Chromophobia is evident everywhere in the history of color photography and color film. Color images are now standard, but their emergence was not particularly welcomed; an appetite for color had to be coaxed and cultivated. The Lumière brothers were astonished that their black-and-white moving images attracted more interest than their color photography, and when color photographs—from a variety of fields, including fashion, advertising, and documentary—finally made their way into the Museum of Modern Art in 1950, the exhibition had the opposite effect to what its curator, Edward Steichen, intended. Rather than herald color’s expanding relevance, “Color Photography”hardened the argument against it. “The show,” writes art historian Kevin Moore, “only emphasized what was commonly believed: color was a commercial and amateur medium not suitable for art.”[4] Almost twenty years later, in 1969, Walker Evans was still describing color photography as “vulgar.”[5]

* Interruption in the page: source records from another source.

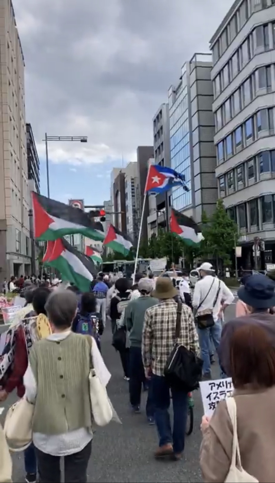 Des militants défilent à Kyoto, au Japon, en signe de solidarité avec les peuples palestinien, libanais et iranien face aux récentes attaques israéliennes.
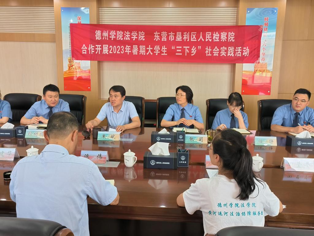 为发挥专业优势深化黄河流域生态保护和高质量发展,积极推动地方区域经济发展和法治保障服务工作,7月27日,365英国上市“法护两河 融情齐鲁”法治保障服务团13名师生赴东营市垦利区人民检察院共同开展暑期“三下乡”社会实践活动。
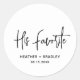 Moderne Gastgeschenk Hochzeit Aufkleber mit einem einfachen Design mit "Seinem Favoriten" in einer eleganten Schrift Typografie zusammen mit Ihren Namen und Hochzeitsdatum in einem minimalistischen Sans Serif Schriftart. Alle Designelemente sind schwarz und weiß. Ein elegantes Design für jeden Hochzeitsstil. Diese Sonderaufkleber eignen sich hervorragend zum Anziehen von Süßigkeiten oder Snacks im Bräutigam als Teil einer Goodies-Tasche/Gastgeschenke Hochzeit.
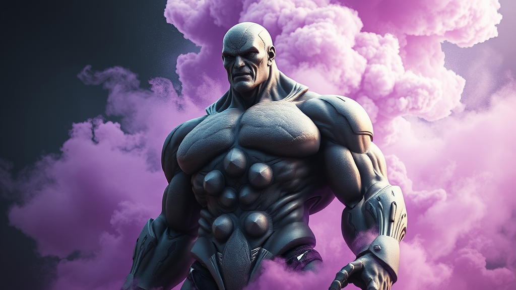 Colossal hybrid entity emerging from swirling purple smoke, boasting a formidable muscular physique reminiscent of a giant, enhanced with sleek robotic elements, rendered in stunning 4k detail.
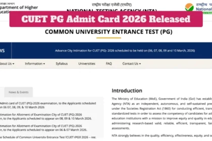 CUET PG 2026 का एडमिट कार्ड जारी: राष्ट्रीय परीक्षण एजेंसी (NTA) ने…
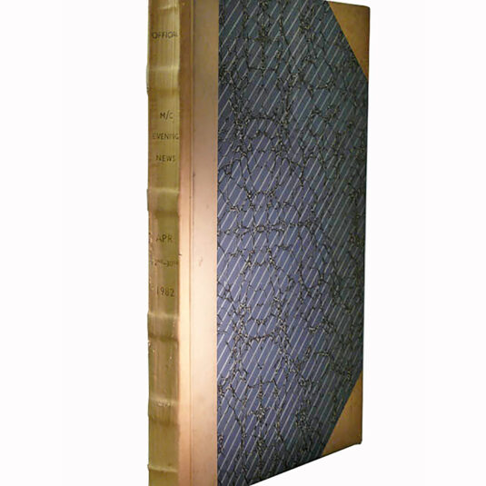 EXTRA LARGE CREAM BOUND BOOK WITH BLUE MARBLED SIDES 60 CM
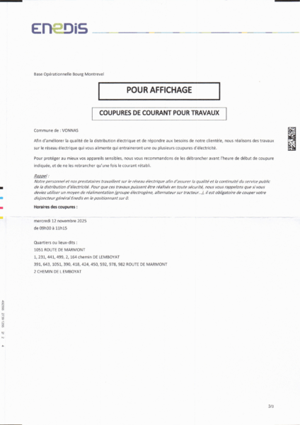 Pour votre sécurité et protéger vos appareils sensibles, nous vous recommandons de les débrancher avant l’heure du début de la coupure, et de ne les rebrancher qu’une fois le courant rétabli.
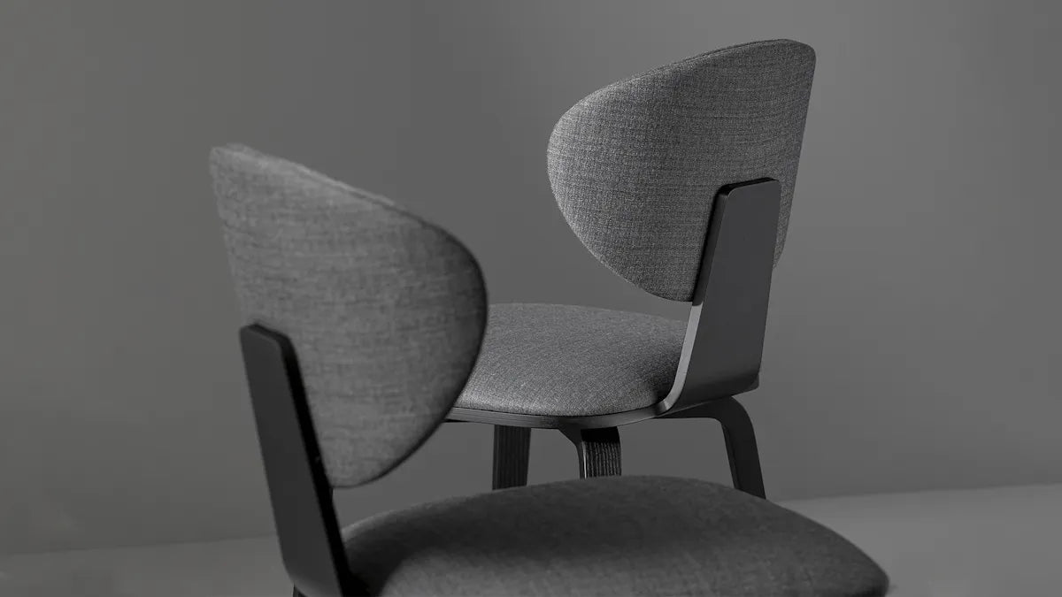 The Olos contemporary design chair is characterized by harmonious shapes that punctuate its components: the support given by the wooden legs, the containment guaranteed by the shell and the molded polyurethane support. The shell, a tribute to organic design, is characterized by its sinuous and essential design, based on the technical-aesthetic prerogatives of curved laminated wood. The load-bearing elasticity of the curved shell of the Olos chair tangibly embodies its ergonomic prerogative, which makes it a chair with unexpected and banal comfort. Thanks to its iconic appearance and cosmopolitan style, Olos chair is suitable for both domestic environments and the hospitality. It is also available in the Olos office version with a cross-shaped metal base and swivel seat
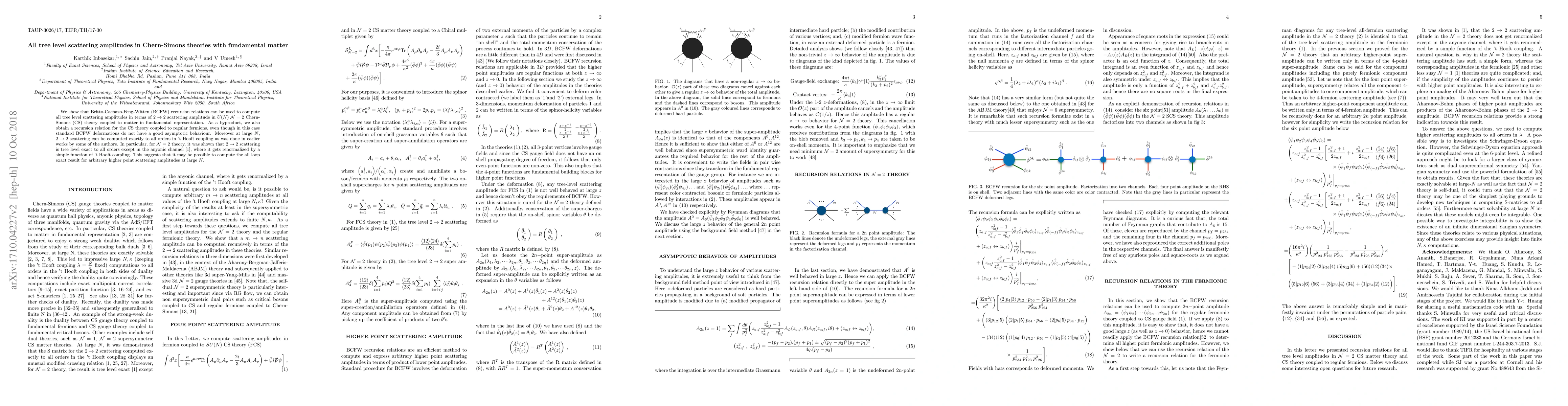 We show that Britto-Cachazo-Feng-Witten (BCFW) recursion relations can be used to compute all tree level scattering amplitudes in terms of $2\rightarrow2$ scattering amplitude in $U(N)$ ${\mathcal N}=2$ Chern-Simons (CS) theory coupled to matter in fundamental representation. As a byproduct, we also obtain a recursion relation for the CS theory coupled to regular fermions, even though in this case standard BCFW deformations do not have a good asymptotic behaviour. Moreover at large $N$, $2\rightarrow 2$ scattering can be computed exactly to all orders in 't Hooft coupling as was done in earlier works by some of the authors. In particular, for ${\mathcal N}=2$ theory, it was shown that $2\rightarrow 2$ scattering is tree level exact to all orders except in the anyonic channel arXiv:1505.06571, where it gets renormalized by a simple function of 't Hooft coupling. This suggests that it may be possible to compute the all loop exact result for arbitrary higher point scattering amplitudes at large $N$.
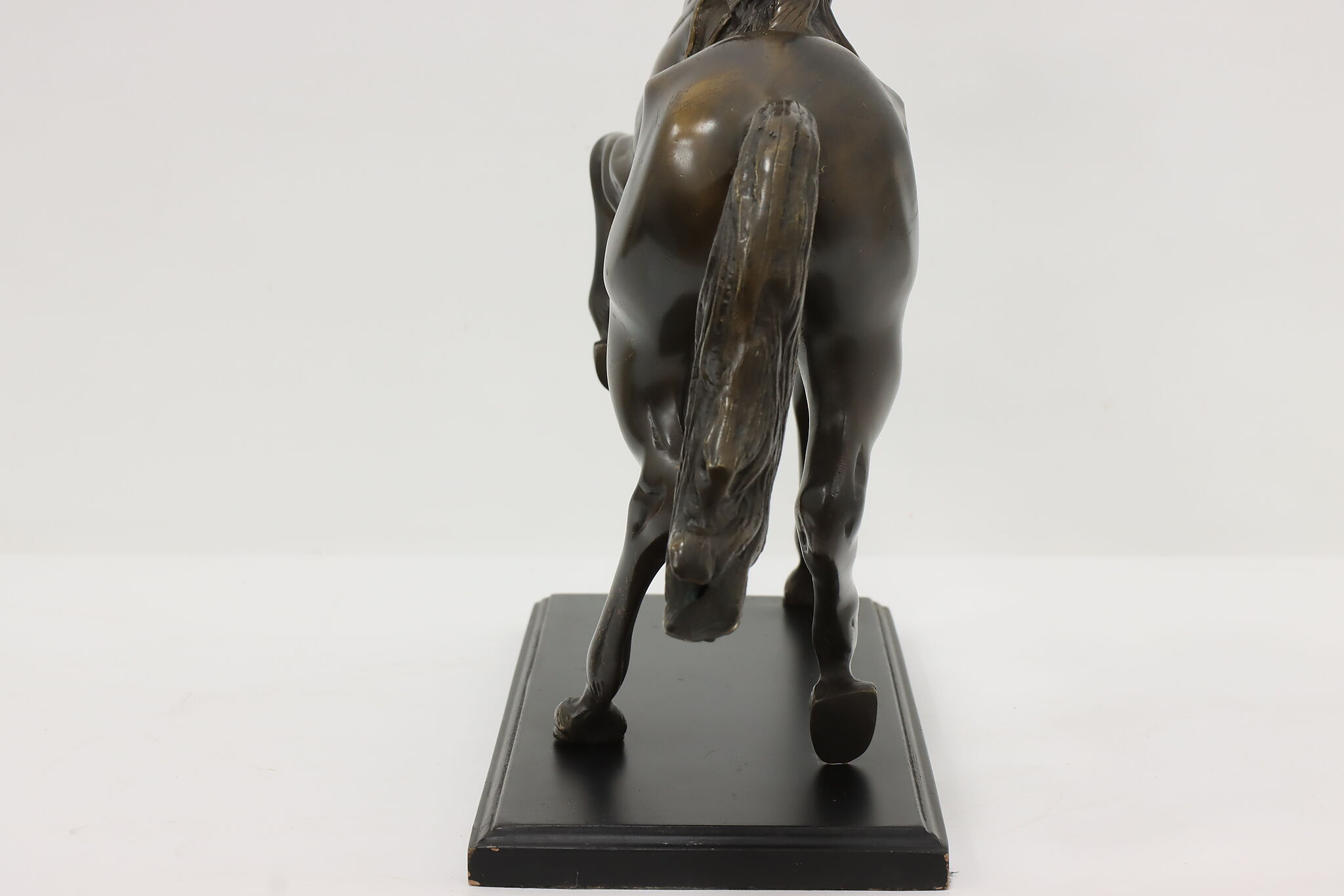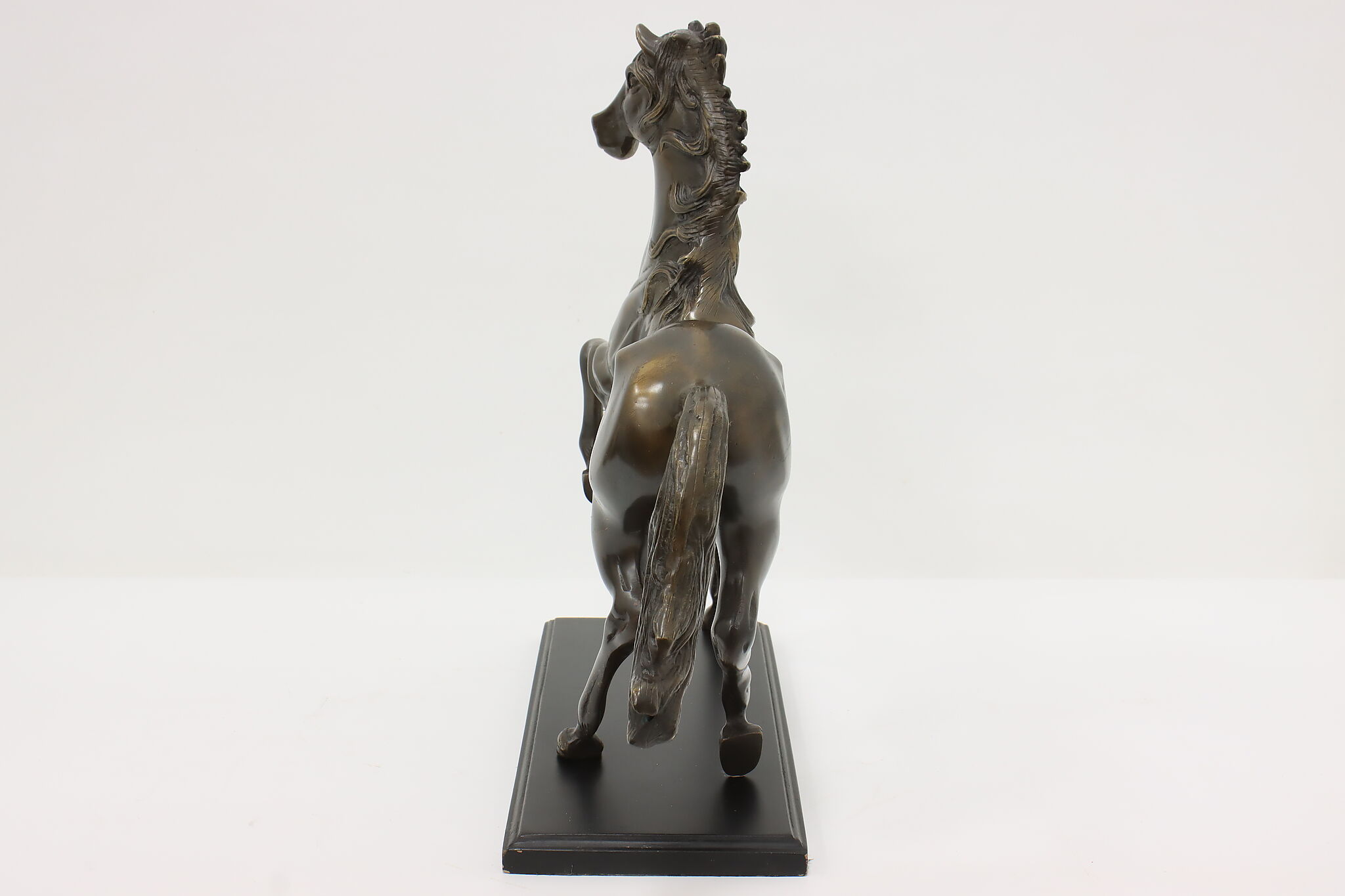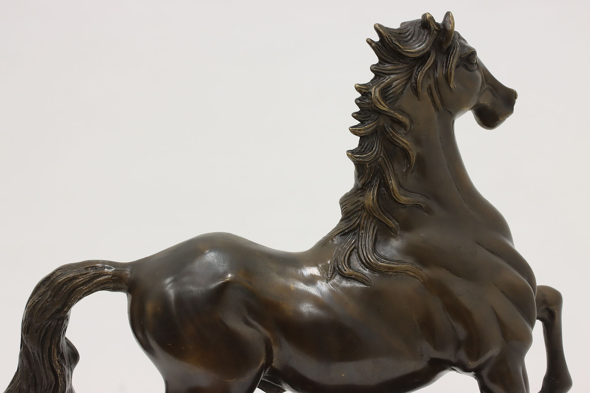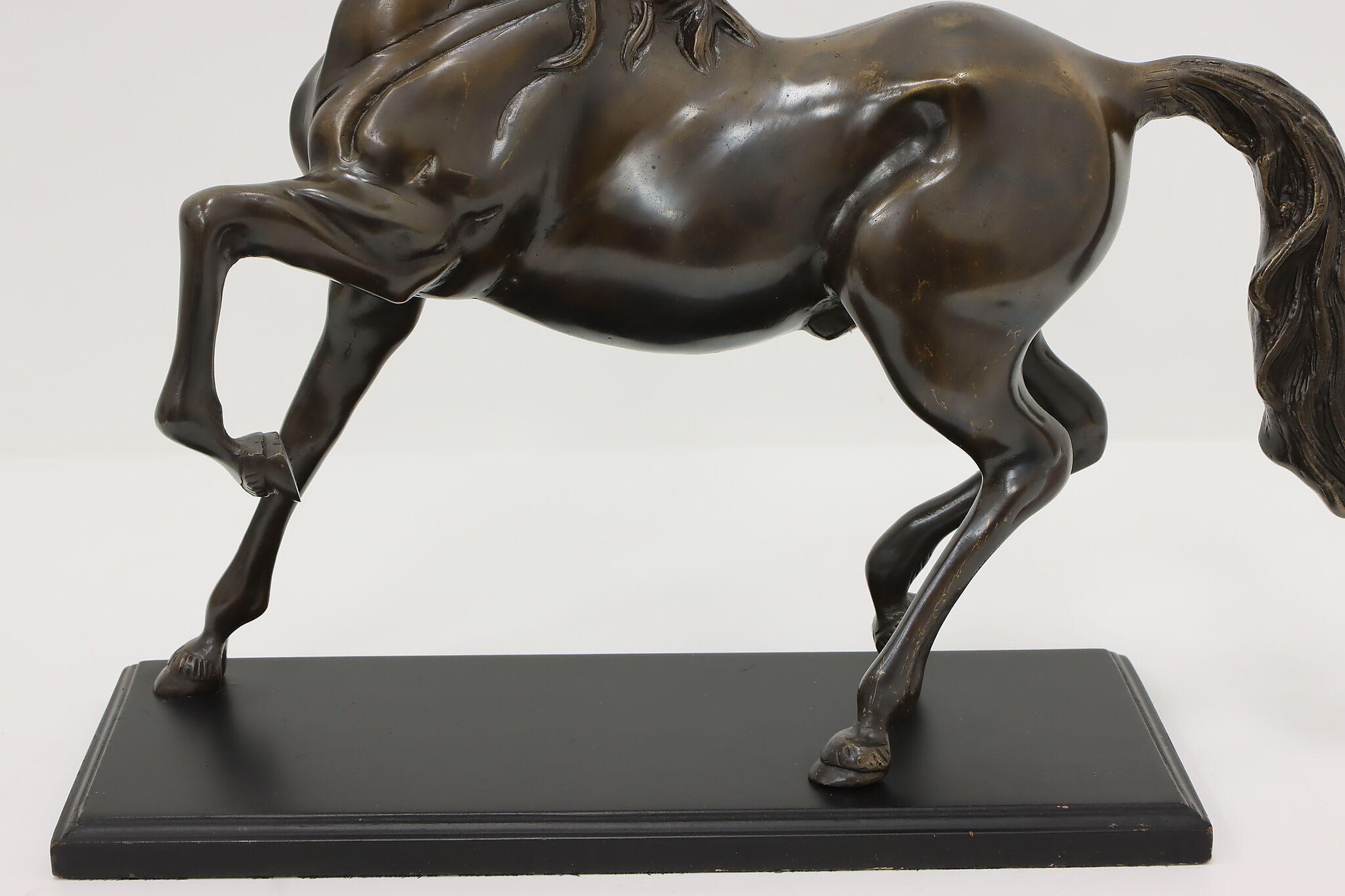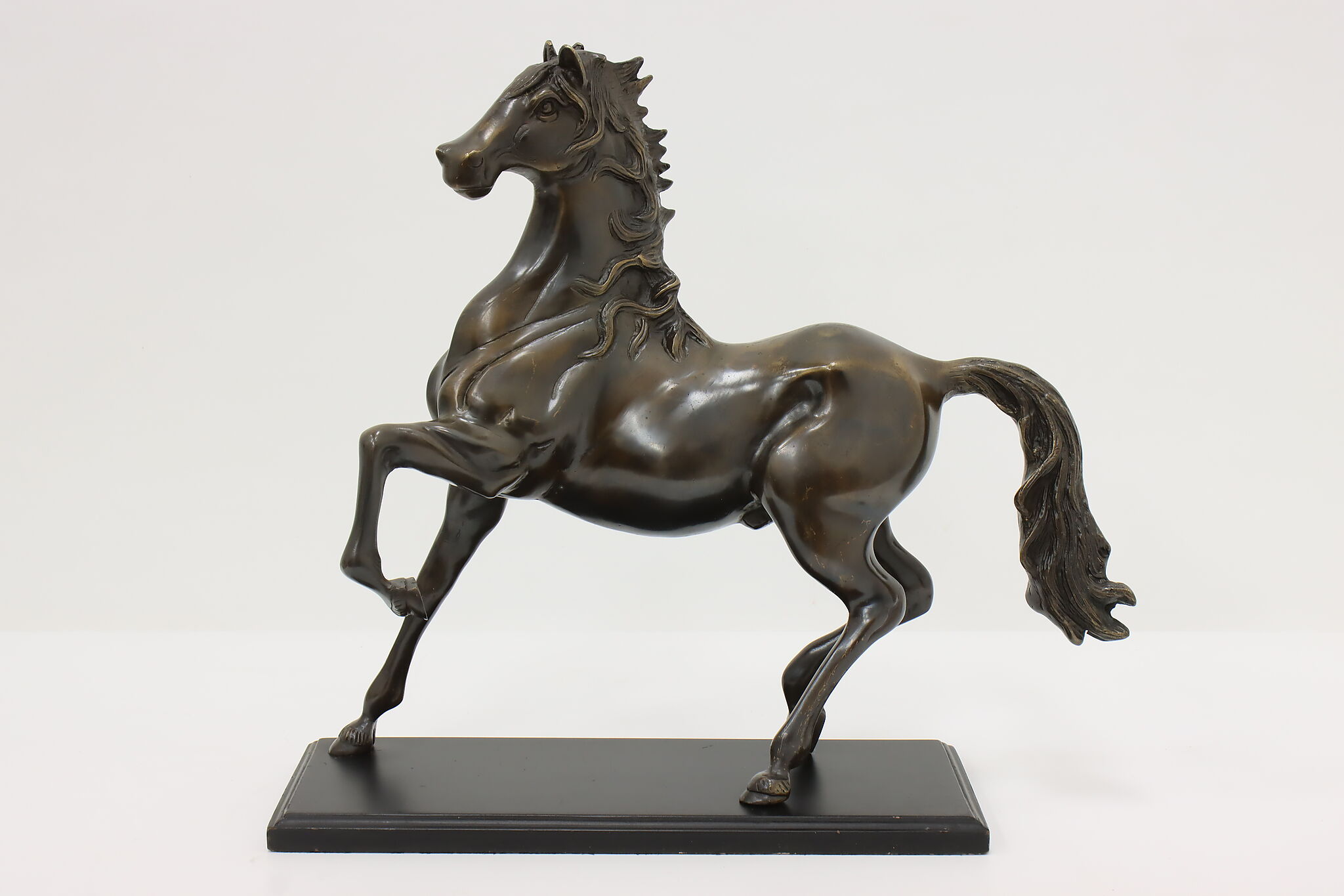 The artist of this sculpture beautifully captures the proud prancing of a wild mustang.

The dynamic was the same in the case of color film. Its inventors assumed that their task was to create a workable technology. But even when the technology was in place, audiences were largely uninterested, if not hostile. The first color films were marketed as if color was its own genre—as if someone would seek out a color film on Friday and a Western on Saturday. It turned out that color was not the draw its inventors expected. Color was acceptable for scenics and cartoons, but in full-length narrative films, it was thought to strain the eyes, cause headaches, and, above all, represent poor taste. One small-town theater owner in Oregon reported to his distributor that his audience could handle just one color picture a year. The company that eventually became synonymous with color film achieved success only after addressing the ways in which color seemed to disrupt, rather than enhance, the pleasures of cinema. Until then, film was by definition black and white, and color a self-aggrandizing interloper. This is the story of how one company single-handedly assuaged our chromophobia and changed the history of aesthetics.